This task calls for the lines below starting at the one containing "为帮助学生与企业搭建交流平台" and ending at the one containing "en el exterior", repeated exactly with both ends kept and pictures left out.

*** Entries supplied Section Begins ***

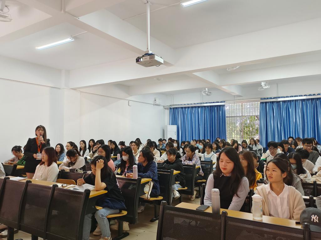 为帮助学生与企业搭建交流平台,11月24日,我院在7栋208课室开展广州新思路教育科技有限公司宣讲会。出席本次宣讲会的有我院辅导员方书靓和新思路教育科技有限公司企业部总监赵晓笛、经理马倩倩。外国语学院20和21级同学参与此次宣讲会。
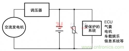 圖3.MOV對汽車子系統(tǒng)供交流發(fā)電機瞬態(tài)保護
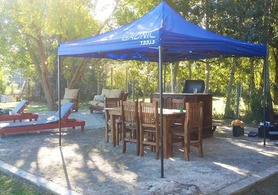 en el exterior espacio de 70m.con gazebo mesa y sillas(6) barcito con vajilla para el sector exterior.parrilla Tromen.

*** Entries supplied Section Ends ***
*** Entries supplied Section Begins ***

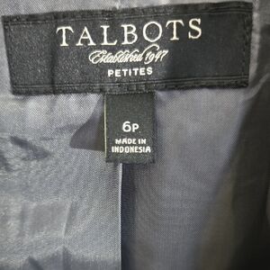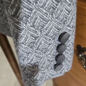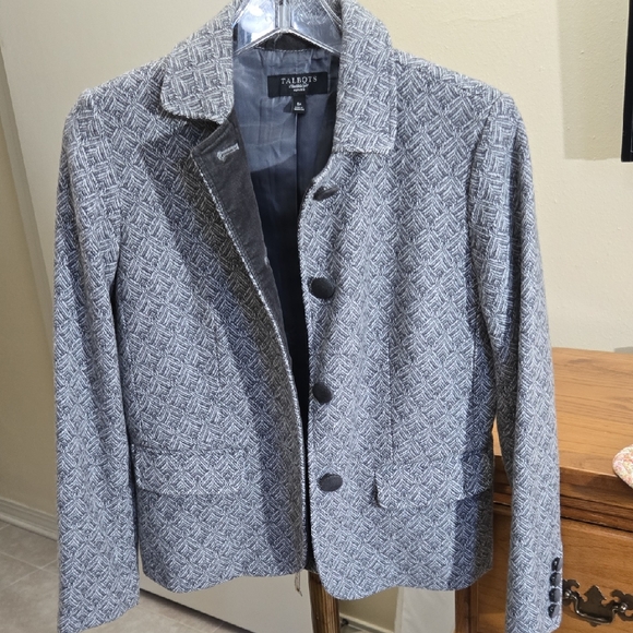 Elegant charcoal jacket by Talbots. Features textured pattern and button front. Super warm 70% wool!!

*** Entries supplied Section Ends ***

## [Task solution]
 为帮助学生与企业搭建交流平台,11月24日,我院在7栋208课室开展广州新思路教育科技有限公司宣讲会。出席本次宣讲会的有我院辅导员方书靓和新思路教育科技有限公司企业部总监赵晓笛、经理马倩倩。外国语学院20和21级同学参与此次宣讲会。
 圖3.MOV對汽車子系統(tǒng)供交流發(fā)電機瞬態(tài)保護
 en el exterior espacio de 70m.con gazebo mesa y sillas(6) barcito con vajilla para el sector exterior.parrilla Tromen.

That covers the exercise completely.